Thomas Decreus en Christophe Callewaert

Het essay ‘St. Lateraal’ van Frans-Willem Korsten opent met de vaststelling dat ‘de sleutel tot het wereldraadsel’, opgeborgen in een ‘twintig jaar oud, mintgroen en aan de onderkant roestig blik Nutrilon’ in de schuur van de verteller, gestolen is en hierdoor niet langer voor alle buurtbewoners vrij te gebruiken is. Korsten persifleert zo een huidige gemoedstoestand waarin iedereen op zoek lijkt naar dé oplossing voor de meervoudige crises die onze samenleving en planeet tegenwoordig bedreigen; dé oplossing die het liefst zo vreedzaam mogelijk is en zo weinig mogelijk fricties oplevert.

Mogelijk verklaart dat het succes van Thomas Piketty’s voorstel tot een progressieve vermogensbelasting binnen de media en daarbuiten. In een vilein stuk over dat (media)succes noemt Frédéric Lordon, filosoof-econoom en een belangrijke stem in het protest van Nuit debout, het grijpen naar belastingen de ‘sociaal-democratische dweil’: belastingen pakken de effecten aan (de ongelijke verdeling van rijkdom), maar laten de oorzaken (ongelijke machtsverhoudingen binnen het kapitalistische systeem) ervan onaangeroerd. Het plaatje wordt opgepoetst, maar in de vezels mogen de schimmels blijven woekeren en groeien.

Een belangrijke verdienste van Dit is morgen is dat het nergens getuigt van een geloof in een sleutel tot het wereldraadsel of in een grootschalig compromis. Daarentegen legt het de nadruk op zowel een veelvoud aan alternatieven als op machtsverhoudingen, conflict en politieke strijd. Thomas Decreus en Christophe Callewaert, beiden onder meer journalist voor DeWereldMorgen.be, willen met hun boek ‘de verbeelding opnieuw een schop onder de kont geven’ zodat die mee ‘een emancipatorisch project […] in deze eeuw’ vorm kan geven. Die verbeelding moet en kan niet uitmonden in een utopie of een perfecte samenleving:

Zolang er mensen zijn, zal er conflict en politiek zijn. Maar dat betekent niet dat er geen verbetering van het menselijke lot mogelijk is.

Dat die verbetering niet over enkele decennia, maar letterlijk morgen al te realiseren valt – en vandaag al gerealiseerd wordt – willen de auteurs aantonen door ‘concrete utopieën’ te bespreken:

Voorstellen die buiten het kader van de heersende conventies vallen, maar die tegelijk haalbaar zijn […]. Voorstellen die ons niet tot een perfecte samenleving zullen brengen, maar die wel een serieuze verbetering betekenen [van onze samenleving].

Omdat de crises meervoudig zijn, zet Dit is morgen in ‘op meerdere sporen tegelijkertijd’: sporen die zowel effecten als oorzaken aanpakken.
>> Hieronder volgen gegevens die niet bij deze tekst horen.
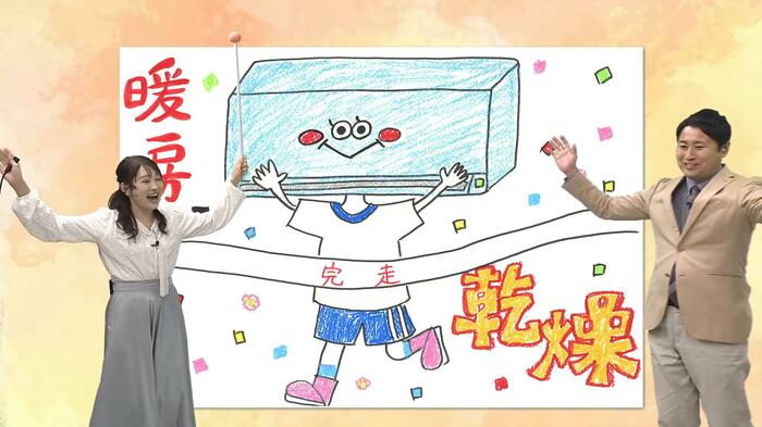 「暖房で乾燥します」ということですが、イラストでは暖房器具が体操着姿で走ってきたようで、ゴールテープを切って「完走」していました…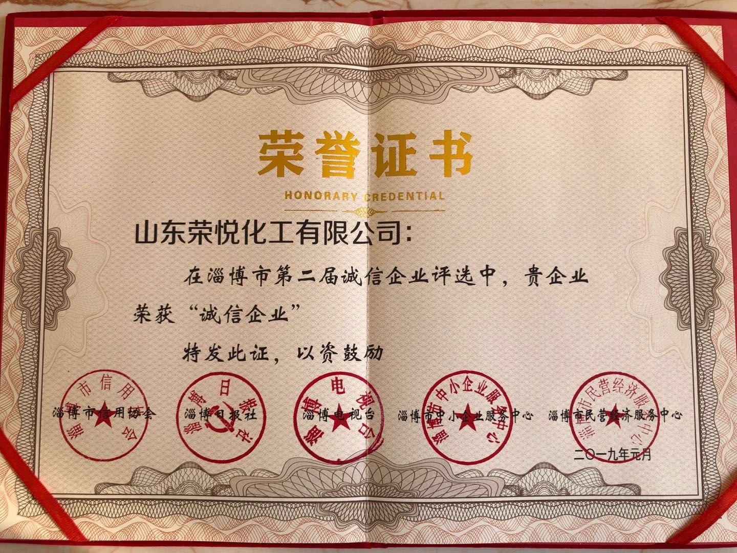 熱烈祝賀山東榮悅化工有限公司被評為誠信企業(yè)!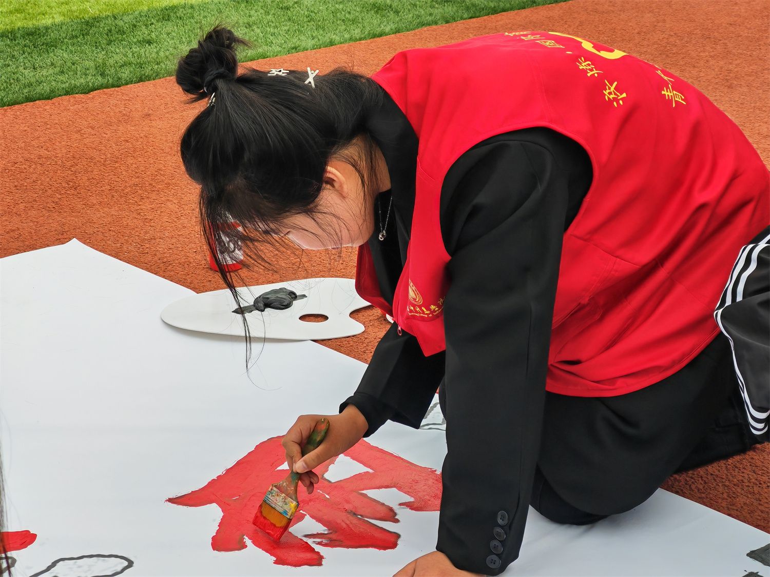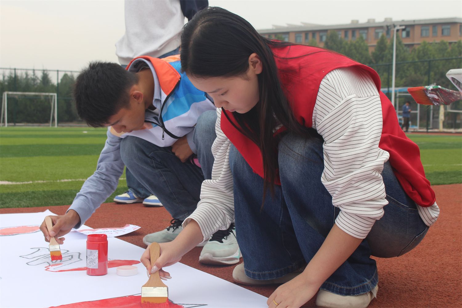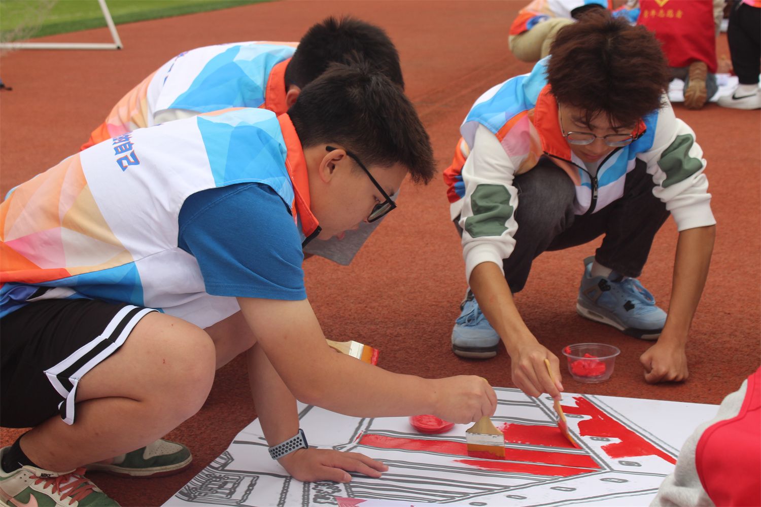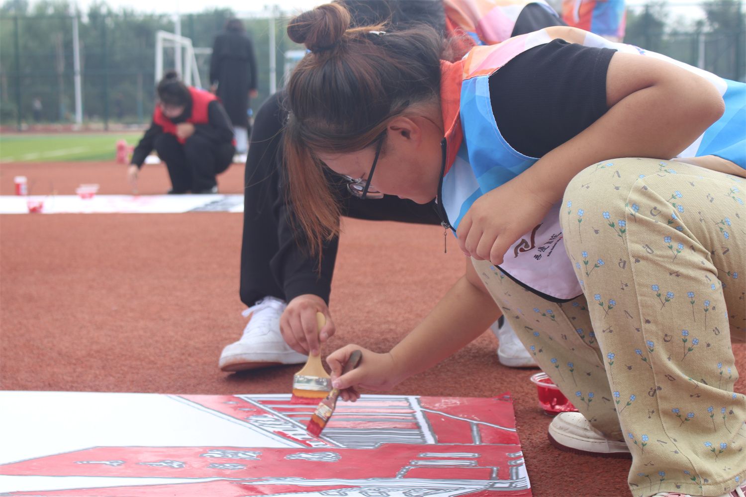 双院三十余名党员师生共聚体育公园,为祖国母亲献上了名为“奋斗是青春最亮丽的底色”的纳斯卡巨画。同学们趴在画稿旁小心翼翼地勾勒着一笔一画,呼吸与绘画的节奏融为一体。不一会儿,乌马河剧院、艺术楼、六扇门等学校代表性建筑便跃然纸上,画布上游走的线条,如同一首无声的诗歌,讲述着青春的故事。从最初的大笔泼墨,到最后的细细勾勒,无不浸透着对祖国的热爱。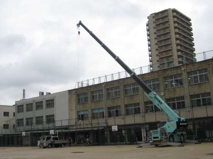 今日は屋上に室外機等を設置するために大型クレーンを使った工事が行われていました。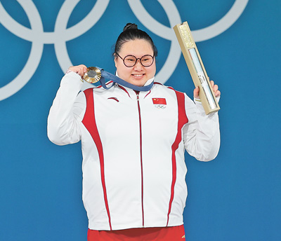 当地时间8月11日,李雯雯在展示举重女子81公斤以上级金牌。本报记者 厉衍飞摄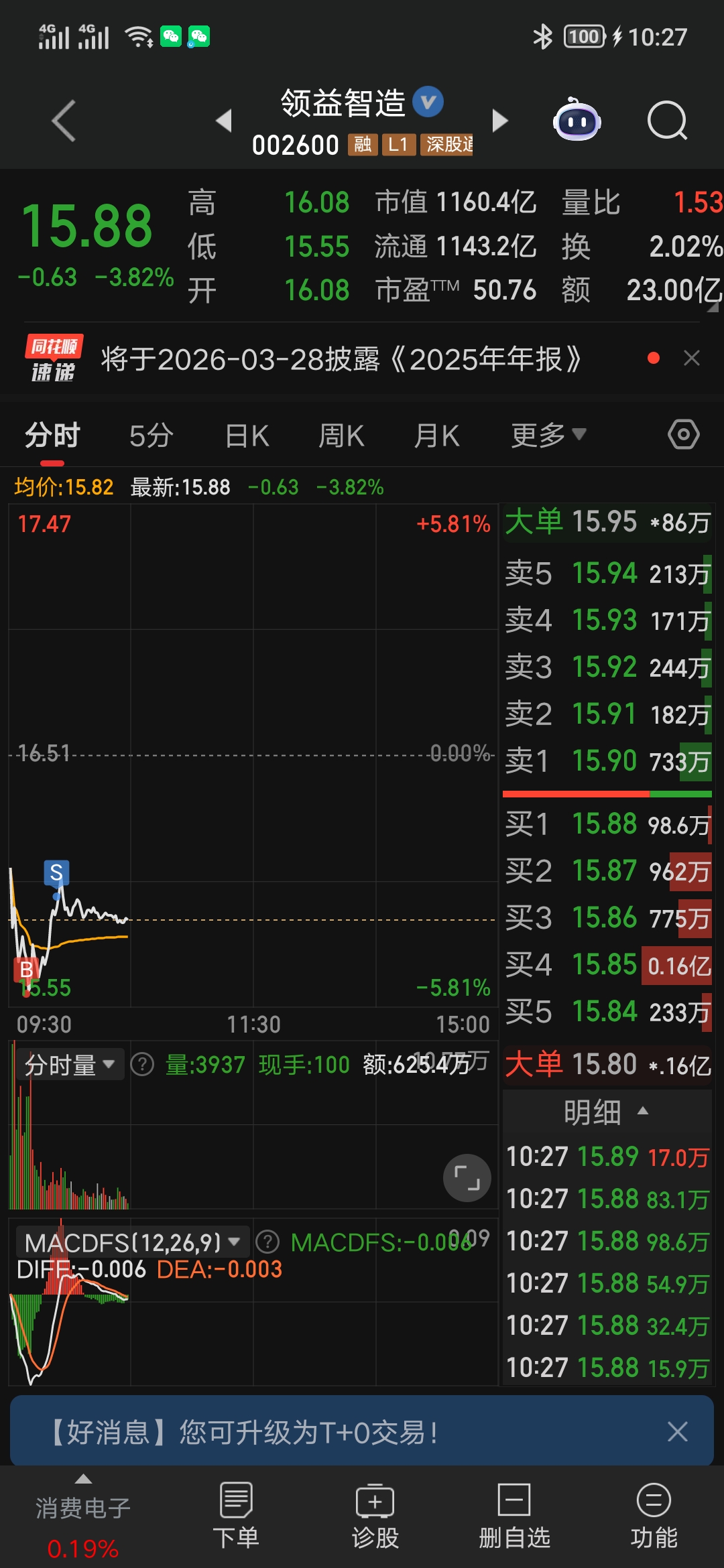 $领益智造(SZ002600)$ 没有办法,还没有到确定性底部,只能找合适的位置进去做T,摊低成本,等确定性底部出现,那就是大举加仓!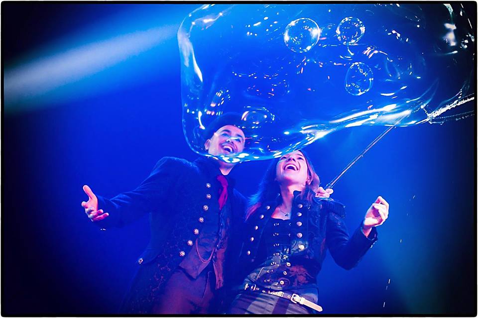 – la luce – in una forma mai vista prima d’ora. Il tutto presentato con la destrezza e la maestria che con-traddistinguono Marco Zoppi e Rolanda e che li portano a detenere saldamente, sin dal 2014, il titolo di migliori Artisti delle Bolle di Sapone Europei.

Heropleving van het linkse idee

De titel maakt duidelijk dat Dit is morgen geen nostalgisch boek wil zijn. Het ijvert te breken met wat de afgelopen drie decennia de hoofdactiviteit van (institutioneel) links is geweest: de strijd om het behoud van de status-quo, van de verworven rechten en zekerheden die binnen de verzorgingsstaat golden. Dat gevecht heeft niet kunnen voorkomen dat die geëvolueerd is tot wat Decreus en Callewaert ‘de postwelvaartsstaat’ noemen:

We leven in landen die formeel gezien nog op welvaartsstaten lijken, maar […] [het] sociaal overleg en de daarbij horende economische democratie van weleer raken uitgewoond.

Deze structuur in ere herstellen behoort niet langer tot de mogelijkheden omdat de historische omstandigheden veranderd zijn: werknemersgroepen zijn heterogener geworden, de economie en politieke besluitvorming globaler, de economische groei veel lager, de koppeling tussen groei en investering in werkgelegenheid precairder en daarmee ook de link tussen werk en sociale zekerheid.

Ook de uitdagingen zijn niet langer dezelfde. Decreus en Callewaert onderscheiden drie dominante problemen: de groeiende ongelijkheid, de ecologische crisis en de ‘globale wanorde’ van allerhande politieke en sociale conflicten die enerzijds migratie en vluchtelingenbewegingen aanwakkeren en anderzijds racisme en een nieuw soort apartheid verstevigen. Deze problemen zijn onderling verbonden. De droogte die Syrië trof en anderhalf miljoen mensen dwong naar de stad te trekken, heeft bijgedragen tot het uitbarsten van het Syrisch conflict.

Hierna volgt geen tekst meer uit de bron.